Single and Global logout flows defined by SAML protocol are now available for SSO

Users who access CAVATICA through Single Sign-On (SSO) can now perform Single (IdP Initiated) logout to log out of multiple SSO sessions, in a single click. Also, it is now possible to initiate Global (SP initiated) logout flow from CAVATICA.

Recently published apps 

We have published the following tools in our Public Apps gallery: 

  • Tximport, a tool that imports and summarizes transcript-level estimates for transcript and gene-level analysis based on the tximport R/Bioconductor package.
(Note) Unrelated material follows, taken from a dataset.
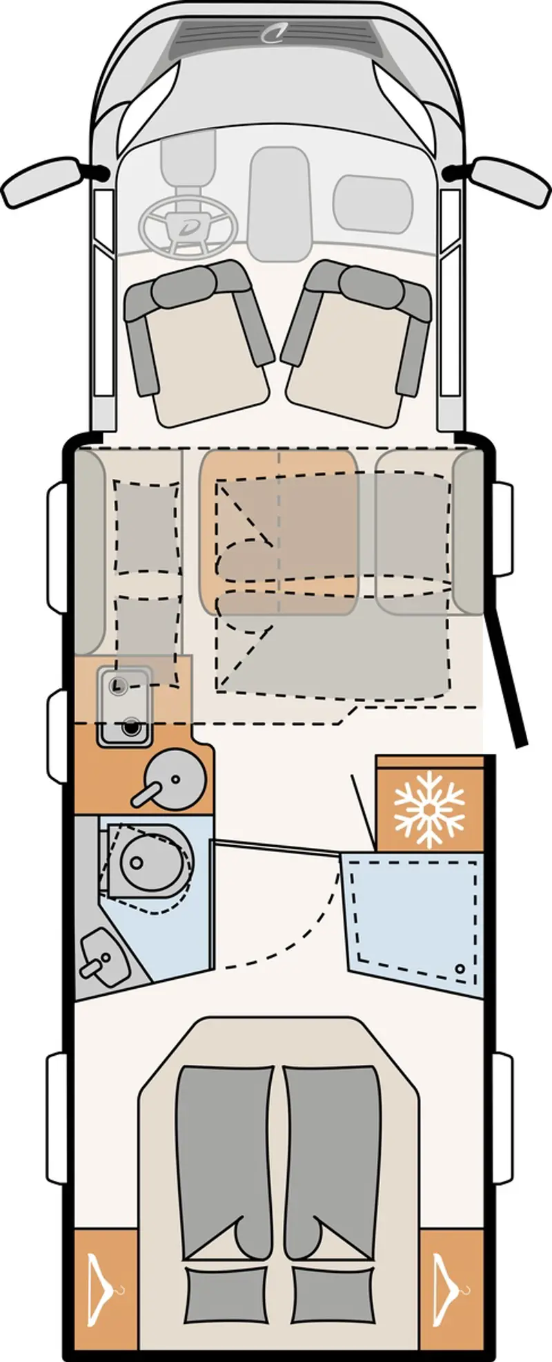 - Airy 213 cm interior headroom (not under the pulldown bed)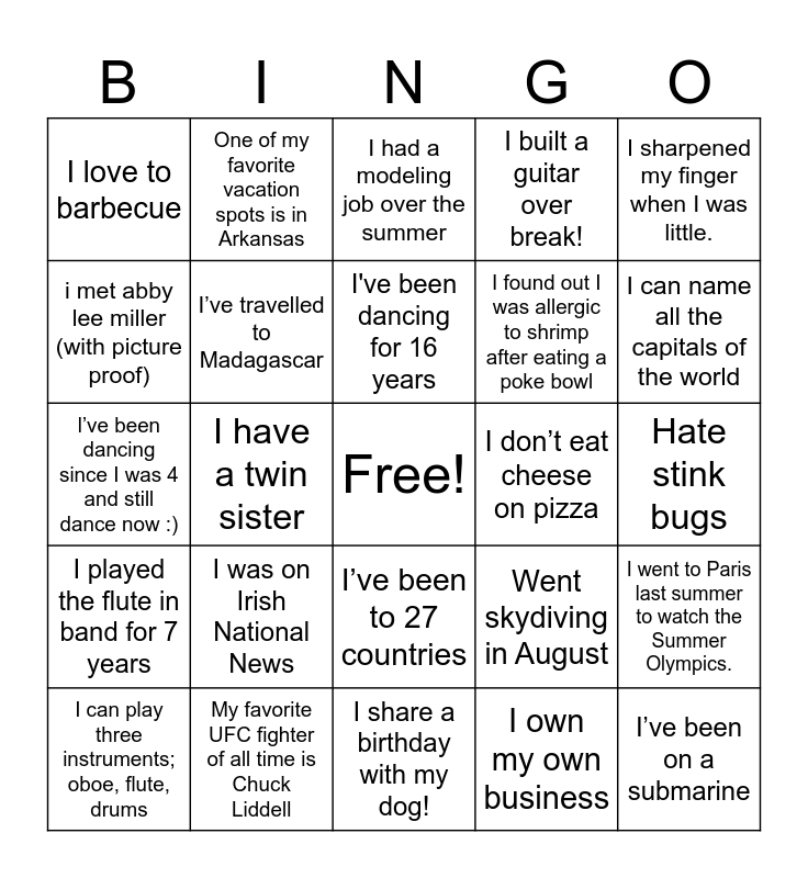 This bingo card has a free space and 48 words: I've been to over 20 countries!, I’ve been on a submarine, I’ve had 4 jobs in 10 months, I share a birthday with my dog!, I was on Irish National News, I have a dog named after a famous rat, One of my favorite vacation spots is in Arkansas, There are three restaurants that know me by name and order., i met abby lee miller (with picture proof), Named after baseball player, I’ve travelled to Madagascar, I built a guitar over break!, I went to Paris last summer to watch the Summer Olympics., Went skydiving in August, I started the Women’s Wrestling club at IU, I lived in turkey for 10 years, I've been dancing for 16 years, I don’t eat cheese on pizza, I am the fastest active, I sharpened my finger when I was little., I have a twin sister, I own my own business, I love to barbecue, I found out I was allergic to shrimp after eating a poke bowl, I’ve been to 5 different countries, I can name all the capitals of the world, I can play three instruments; oboe, flute, drums, I’ve been to all 50 states, I’ve been to 27 countries, I played the flute in band for 7 years, I will randomly burst into song, I’ve dissected a pregnant cat, I do my own nails, I once got trapped in an airplane bathroom, My favorite UFC fighter of all time is Chuck Liddell, I fought a tree and lost., i collect pennies with important years in history or in my life, Hate stink bugs, I have been playing violin since I was 10, I have a record collection!, I was the team photographer for a high school boys cross country team for 3 years., Played baseball in highschool, I had a modeling job over the summer, Love music,,, almost always listening to music no matter what I’m doing,,, I even fall asleep with headphones on listening to music, l’ve been dancing since I was 4 and still dance now :), I love to bake gluten free desserts, I love watching movies and shows (give me recs) and I can name almost every countries flag.

It is designed to simplify the import of transcript-level abundances, estimated counts, and effective lengths from a variety of upstream tools, for downstream transcript-level or gene-level analysis. 
  • Three tools from the SplAdder (3.0.4) toolkit: 
    • SplAdder build constructs splicing graphs and extracts alternative splicing events. 
    • SplAdder test differentially tests the usage of alternative event between two groups of samples. 
    • SplAdder viz generates visual overviews of splicing graphs and alternative events. SplAdder viz uses results generated by SplAdder build or SplAdder test to create plots. 
  • Five tools from the Qualimap 2.3 toolkit: 
    • Qualimap Multi-sample BAM QC reports QC metrics computed in BAM QC analysis combined for multiple samples. 
    • Qualimap Compute counts calculates how many reads are mapped to each region of interest. 
    • Qualimap RNA-seq QC reports quality control metrics and bias estimations for whole transcriptome sequencing. 
    • Qualimap Counts QC analyzes count data to assess a differential expression between two or more conditions. 
    • Qualimap BAM QC reports information for the evaluation of the quality of the provided alignment data. 
  • Six tools from the RSeQC 5.0.1 toolkit: 
    • RSeQC read distribution calculates how mapped reads were distributed over genomic features. 
    • RSeQC junction annotation compares detected splice junctions to the reference gene model. 
    • RSeQC inner distance is used to calculate the inner distance (or insert size) between two paired RNA reads. 
    • RSeQC infer experiment is designed to estimate how RNA-seq data is configured. 
    • RSeQC read duplication calculates read duplication rate determined by mapping position or sequence of the read. 
    • RSeQC bam stat summarizes mapping statistics of the provided alignment file. 
  • The Tidyproteomics 1.5.2 toolkit: 
    • Expression analysis - used for proteomics differential expression analysis. 
    • Data input and summary - used for loading protein or peptide data. 
    • Data subsetting and summary - used for subsetting protein or peptide data. 
    • Abundance normalization - used for abundance normalization of the protein or peptide data. 
    • Enrichment analysis - used for enrichment analysis after differential expression analysis. 
    • Annotate data - used for proteomics data annotation before enrichment analysis.

Recently updated apps 

TopHat2, a tool that aligns RNA-Seq reads to a genome to identify exon-exon splice junctions, just got updated to version 2.2.1 and upgraded to CWL version 1.2 (was previously available in CWL draft-2).